# gti-r info



## alfredoR (May 25, 2004)

whats up peeps, i have just got my gti-r front clip that i am currently pulling the sr20det out of, it came with the ecu and intercooler. my question is what axles do i use i know i have to use the sr20 tranny. also what motor mounts do i use all the way around. do i need to reprogram my ecu if i have the gti-r? thanks


----------



## chimmike (Oct 17, 2002)

well, if you have to use the sr20 tranny,doesn't it make sense to use the Sr20 axles? if you get the GTiR you should get the JWT ecu setup. 

the search button should help you.


----------



## SUN-E (May 3, 2004)

LOL^^^ If ya need help I can help you out there's alot of explaining so b sure to take notes!!.


----------



## James (Apr 29, 2002)

you also have the option of going with a stand alone fuel management computer if you know how to tune and can afford the dyno time!


----------



## alfredoR (May 25, 2004)

chimmike said:


> well, if you have to use the sr20 tranny,doesn't it make sense to use the Sr20 axles? if you get the GTiR you should get the JWT ecu setup.
> 
> the search button should help you.


thanks for the reply but i already have the gti-r computer, do i need to send it to jwt?, also do you think i can convert that gti-r tmic into a fmic?


----------



## SUN-E (May 3, 2004)

Yes you use jwt to reprogram your american e.c.u (stock).

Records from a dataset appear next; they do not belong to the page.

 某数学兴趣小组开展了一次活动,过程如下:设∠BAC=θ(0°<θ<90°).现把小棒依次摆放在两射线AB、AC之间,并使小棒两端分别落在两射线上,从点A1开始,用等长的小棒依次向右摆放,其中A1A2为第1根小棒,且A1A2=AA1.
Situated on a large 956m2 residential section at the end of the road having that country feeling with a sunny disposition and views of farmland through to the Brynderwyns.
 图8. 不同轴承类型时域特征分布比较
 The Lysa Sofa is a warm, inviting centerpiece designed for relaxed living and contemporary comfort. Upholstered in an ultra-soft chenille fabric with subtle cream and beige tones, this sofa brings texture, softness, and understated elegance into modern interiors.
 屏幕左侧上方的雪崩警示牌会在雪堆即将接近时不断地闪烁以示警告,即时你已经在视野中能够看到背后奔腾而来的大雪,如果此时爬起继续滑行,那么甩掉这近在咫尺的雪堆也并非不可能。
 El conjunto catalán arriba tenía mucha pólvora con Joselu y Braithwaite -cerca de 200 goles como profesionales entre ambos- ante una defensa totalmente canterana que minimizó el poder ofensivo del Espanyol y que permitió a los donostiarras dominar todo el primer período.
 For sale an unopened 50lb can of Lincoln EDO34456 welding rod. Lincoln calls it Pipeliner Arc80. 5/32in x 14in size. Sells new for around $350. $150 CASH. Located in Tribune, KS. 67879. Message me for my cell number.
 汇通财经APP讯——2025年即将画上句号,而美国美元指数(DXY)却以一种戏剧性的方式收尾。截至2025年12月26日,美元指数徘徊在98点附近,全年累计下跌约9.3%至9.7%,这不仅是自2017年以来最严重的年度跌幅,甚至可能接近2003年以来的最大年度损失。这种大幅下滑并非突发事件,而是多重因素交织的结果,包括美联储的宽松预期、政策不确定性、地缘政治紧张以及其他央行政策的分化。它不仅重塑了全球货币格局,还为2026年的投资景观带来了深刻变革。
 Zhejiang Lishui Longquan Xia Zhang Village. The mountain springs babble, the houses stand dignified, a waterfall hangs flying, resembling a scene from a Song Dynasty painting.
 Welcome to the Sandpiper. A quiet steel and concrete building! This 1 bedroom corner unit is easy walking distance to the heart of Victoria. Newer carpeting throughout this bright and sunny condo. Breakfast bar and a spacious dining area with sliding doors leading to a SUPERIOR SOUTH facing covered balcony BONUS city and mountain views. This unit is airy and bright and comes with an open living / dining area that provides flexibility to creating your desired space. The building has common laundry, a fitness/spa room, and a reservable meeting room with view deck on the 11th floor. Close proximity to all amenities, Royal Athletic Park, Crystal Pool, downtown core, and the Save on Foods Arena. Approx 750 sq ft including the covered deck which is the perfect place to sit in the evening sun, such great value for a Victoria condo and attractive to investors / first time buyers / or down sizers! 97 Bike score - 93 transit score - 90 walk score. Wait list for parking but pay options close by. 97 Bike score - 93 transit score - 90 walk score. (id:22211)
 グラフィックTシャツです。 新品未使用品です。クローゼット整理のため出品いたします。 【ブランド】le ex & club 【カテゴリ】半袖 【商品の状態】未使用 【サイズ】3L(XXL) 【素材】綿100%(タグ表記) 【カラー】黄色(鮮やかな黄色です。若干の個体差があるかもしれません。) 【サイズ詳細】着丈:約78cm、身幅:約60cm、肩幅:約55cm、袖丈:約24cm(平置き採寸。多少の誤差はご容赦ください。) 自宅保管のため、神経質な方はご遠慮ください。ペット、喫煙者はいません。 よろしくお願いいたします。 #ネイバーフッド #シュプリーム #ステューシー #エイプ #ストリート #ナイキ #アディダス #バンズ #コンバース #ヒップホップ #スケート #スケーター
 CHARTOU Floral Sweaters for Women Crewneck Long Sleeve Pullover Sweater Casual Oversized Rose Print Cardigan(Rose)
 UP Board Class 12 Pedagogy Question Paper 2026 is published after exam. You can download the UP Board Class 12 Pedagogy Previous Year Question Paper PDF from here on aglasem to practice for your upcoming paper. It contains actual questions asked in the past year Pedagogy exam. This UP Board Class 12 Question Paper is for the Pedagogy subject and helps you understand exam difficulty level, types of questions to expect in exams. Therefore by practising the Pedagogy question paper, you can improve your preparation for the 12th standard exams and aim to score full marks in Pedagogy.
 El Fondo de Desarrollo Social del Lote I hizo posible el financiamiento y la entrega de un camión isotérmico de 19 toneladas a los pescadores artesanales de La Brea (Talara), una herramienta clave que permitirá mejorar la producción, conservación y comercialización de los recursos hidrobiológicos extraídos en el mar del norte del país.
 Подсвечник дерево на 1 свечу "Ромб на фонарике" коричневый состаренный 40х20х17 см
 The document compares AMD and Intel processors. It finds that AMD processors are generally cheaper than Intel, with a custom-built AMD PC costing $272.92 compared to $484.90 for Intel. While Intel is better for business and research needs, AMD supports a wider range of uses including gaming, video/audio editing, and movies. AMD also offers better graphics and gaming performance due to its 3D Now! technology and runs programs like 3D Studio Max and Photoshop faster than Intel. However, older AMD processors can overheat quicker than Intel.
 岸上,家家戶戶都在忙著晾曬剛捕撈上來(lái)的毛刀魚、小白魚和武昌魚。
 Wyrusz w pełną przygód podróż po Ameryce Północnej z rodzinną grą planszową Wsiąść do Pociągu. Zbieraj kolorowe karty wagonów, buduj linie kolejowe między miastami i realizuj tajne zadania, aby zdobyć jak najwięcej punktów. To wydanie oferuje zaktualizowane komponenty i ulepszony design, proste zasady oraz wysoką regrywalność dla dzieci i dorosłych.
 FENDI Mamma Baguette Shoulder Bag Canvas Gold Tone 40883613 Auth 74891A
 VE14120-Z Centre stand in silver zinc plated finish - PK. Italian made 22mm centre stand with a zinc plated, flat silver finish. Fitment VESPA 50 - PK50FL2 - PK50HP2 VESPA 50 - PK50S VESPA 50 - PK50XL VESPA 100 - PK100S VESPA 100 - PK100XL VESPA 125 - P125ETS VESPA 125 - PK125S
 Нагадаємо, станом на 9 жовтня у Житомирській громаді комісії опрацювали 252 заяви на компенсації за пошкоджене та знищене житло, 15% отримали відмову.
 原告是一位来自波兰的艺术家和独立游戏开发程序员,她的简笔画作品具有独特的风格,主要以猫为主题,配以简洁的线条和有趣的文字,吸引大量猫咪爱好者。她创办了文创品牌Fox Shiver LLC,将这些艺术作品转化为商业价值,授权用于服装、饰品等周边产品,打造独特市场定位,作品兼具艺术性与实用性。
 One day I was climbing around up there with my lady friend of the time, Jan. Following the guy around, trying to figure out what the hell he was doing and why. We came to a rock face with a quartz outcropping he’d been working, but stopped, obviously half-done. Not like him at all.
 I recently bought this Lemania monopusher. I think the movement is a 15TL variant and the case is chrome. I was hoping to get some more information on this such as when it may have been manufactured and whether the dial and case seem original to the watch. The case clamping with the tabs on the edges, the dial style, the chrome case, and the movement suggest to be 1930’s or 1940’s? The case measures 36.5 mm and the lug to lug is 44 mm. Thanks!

They take a while so send it out as soon as possible.6-8 weeks. And yes you can move your intercooler to front u can use the one ya got or u should prob. by aftermarket.


----------



## alfredoR (May 25, 2004)

*got the motor out*

finally got the motor out and the all wheel tranny off from the gti-r clip. now i am waiting until friday for a paycheck. 
my shopping list includes:
motor mounts
axles
blow off valve (does anyone recommend a particular 1?)
frount mount intercooler (any recommendations, hotshots is a little pricey)
i am going to try the gti-r computer out that came with my front clip unless anyone has had problems with that setup

also how can i post pics so i can show the forum how everything is going

does anyone live in the south florida area it would be cool to bounce some ideas around and stuff --alfredo


----------



## koroshiya (Dec 28, 2002)

alfredoR said:


> motor mounts


Stock SE-r mounts with prothanes 


alfredoR said:


> blow off valve


CHEAP=1st gen Eclipse
Expensive= any big names that recirculates 


alfredoR said:


> frount mount intercooler


Use your GTI-R IC as a front mount, find some one who can weld new inlet/outlet pipes on it in the places YOU want, it's a good IC and the welding would be less than a new IC


----------